* [Work item]: The lines from the one containing "云南財經大學2020年8月17日錄取日報" through the last line below, both ends included, must be reproduced exactly, with no pictures.

* [Information supplied]:

::::

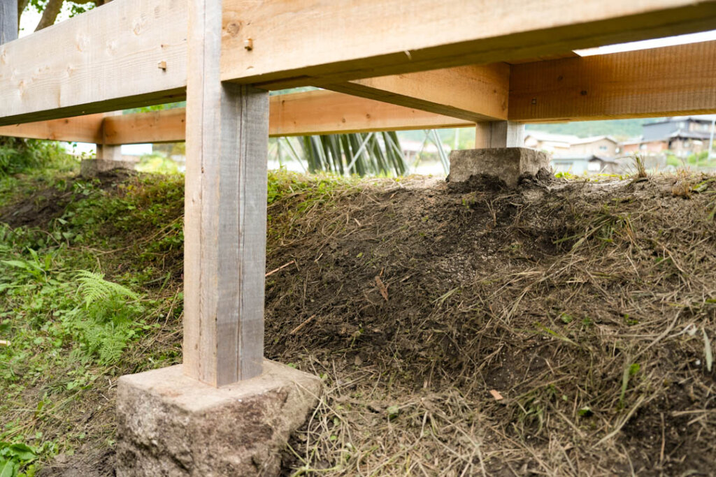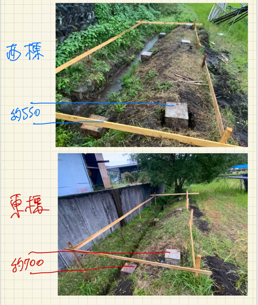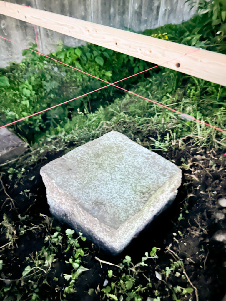 適当に丁張して、通りを出しました。礎石の下には、木杭を打って栗石を小端立ています。丁張から石据えまで、私とインターンの方の4人で1日で12個設置しました。
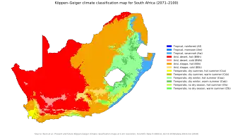 Climate change in South Africa is leading to increased temperatures and rainfall variability. Evidence shows that extreme weather events are becoming more prominent due to climate change.[1] This is a critical concern for South Africans as climate change will affect the overall status and wellbeing of the country, for example with regards to water resources. Just like many other parts of the world, climate research showed that the real challenge in South Africa was more related to environmental issues rather than developmental ones.[2] The most severe effect will be targeting the water supply, which has huge effects on the agriculture sector.[3] Speedy environmental changes are resulting in clear effects on the community and environmental level in different ways and aspects, starting with air quality, to temperature and weather patterns, reaching out to food security and disease burden.[4]
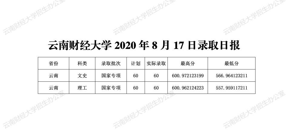 云南財經大學2020年8月17日錄取日報
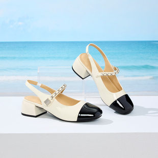 女鞋 后空凉鞋 2025春秋新品 方头粗跟通勤法式 穆勒鞋 奥康

::::

* [Output for this task]:
 云南財經大學2020年8月17日錄取日報
 女鞋 后空凉鞋 2025春秋新品 方头粗跟通勤法式 穆勒鞋 奥康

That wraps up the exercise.